In the coming months, the federal government will release a detailed plan for implementing more than a dozen recommendations to improve the security clearance...
In the coming months, the federal government will release a detailed plan for implementing more than a dozen recommendations to improve the security clearance process, the Obama administration’s management chief told an audience of government contractors Tuesday.
“As an administration, we are committed to making progress in this area and implementing changes as soon as practical,” said Beth Cobert, the Office of Management and Budget’s deputy director for management, in a speech to the Professional Services Council.
The government’s recommendations, which were included in an interagency report published by OMB last month, call for “continuous evaluation” of clearance-holders and strengthened oversight of the background-investigation process.
A hallmark of the plan is the development of common investigative standards across the government for both federal employees and contractors, Cobert said.
“National security is no less critical when the work is performed by contractors than when it is performed by federal employees and, frankly, the men and women who make up the contractor workforce are no less patriotic than their government counterparts,” she said.
Of the total 5.1 million people who hold security clearances — either confidential, secret or top secret — more than 1 million are contractors.
Continuous evaluation ‘not a simple thing to do’
Among the report’s most ambitious recommendations is augmenting the current practice of reinvestigating clearance holders every few years with a system for continuously evaluating cleared employees.
The new system would regularly pull in automated data checks from a variety of sources, including credit checks, personnel files, even an employee’s social media account to identify potential issues in near real-time.
But the new system will require the build-up of expensive, cross-agency IT systems.
The Defense Department is currently testing the concept in a series of pilot programs.
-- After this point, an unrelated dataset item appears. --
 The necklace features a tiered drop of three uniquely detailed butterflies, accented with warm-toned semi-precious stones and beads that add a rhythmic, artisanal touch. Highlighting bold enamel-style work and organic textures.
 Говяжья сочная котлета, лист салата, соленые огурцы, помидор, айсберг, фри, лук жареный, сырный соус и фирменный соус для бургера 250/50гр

But, “currently there is no governmentwide capability, plan or design” for rolling it out more broadly, OMB’s report concluded.
Even so, the administration wants the intelligence community to launch an initial version of the new system for the most sensitive clearance holders by September. Implementation of the system for the entire population of cleared personnel won’t happen until 2016.
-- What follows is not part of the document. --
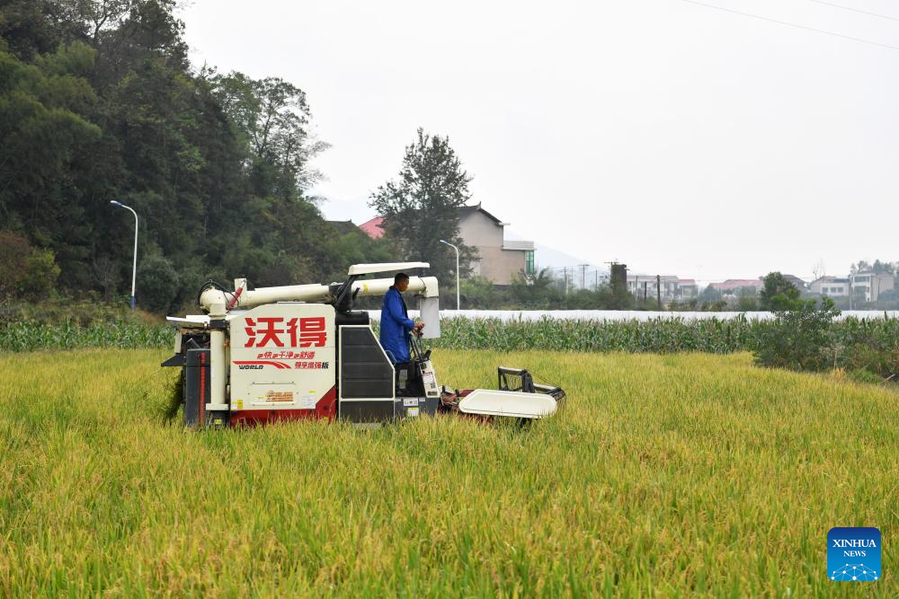 A farmer harvests ratoon rice in a field in Shuangfeng County of Loudi City, central China's Hunan Province, Oct. 28, 2023. To improve the utilization rate of farmland, Shuangfeng County is trying to experiment with a new agricultural model that enables a field to grow rice, ratoon rice and cole in different seasons of the same year. (Xinhua/Chen Zhenhai)

“The concept is the right one,” Cobert said. “The implementation needs to be done in a precise way. And we need to be able to do it at scale effectively. And that’s not a simple thing to do.”
Cobert: Clearances a top priority
In her role at OMB, Cobert oversaw the government’s 120-day review of the clearance process ordered by President Barack Obama following the shooting at the Washington Navy Yard last September in which Navy IT contractor Aaron Alexis shot and killed 12 coworkers.
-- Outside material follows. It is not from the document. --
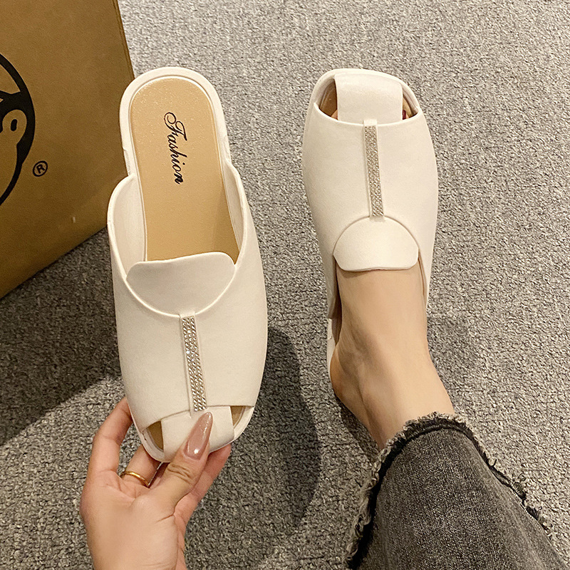 프렌치 레트로 바오 투 하프 슬리퍼 여성 여름 의류 유행 여름 여성 플랫 샌들 슬립 온 오픈 발가락 샌들스토어 가기

The Security and Suitability Performance Accountability Council, or PAC, which Cobert also chairs, is tasked with implementing the report’s recommendations. The Office of Personnel Management and the Office of the Director of National Intelligence also sit on the council.
The PAC was instrumental in improving the timeliness of background investigations, helping to wipe out a backlog of hundreds of thousands of pending investigations and getting employees and contractors cleared and on the job faster. However, the White House report Cobert helped draft said the PAC had slacked off in recent years and that council needed “a more active posture to achieve and sustain successful reforms.”
Cobert said security clearances and other elements of the President’s second-term management agenda are at the top of her priority list at OMB.
“We have made clear commitments to the President and to the American people to deliver against those,” she said. “I know that I, personally, as well as the other folks are being held accountable for those and, in my mind, there’s no escaping those under any scenario.”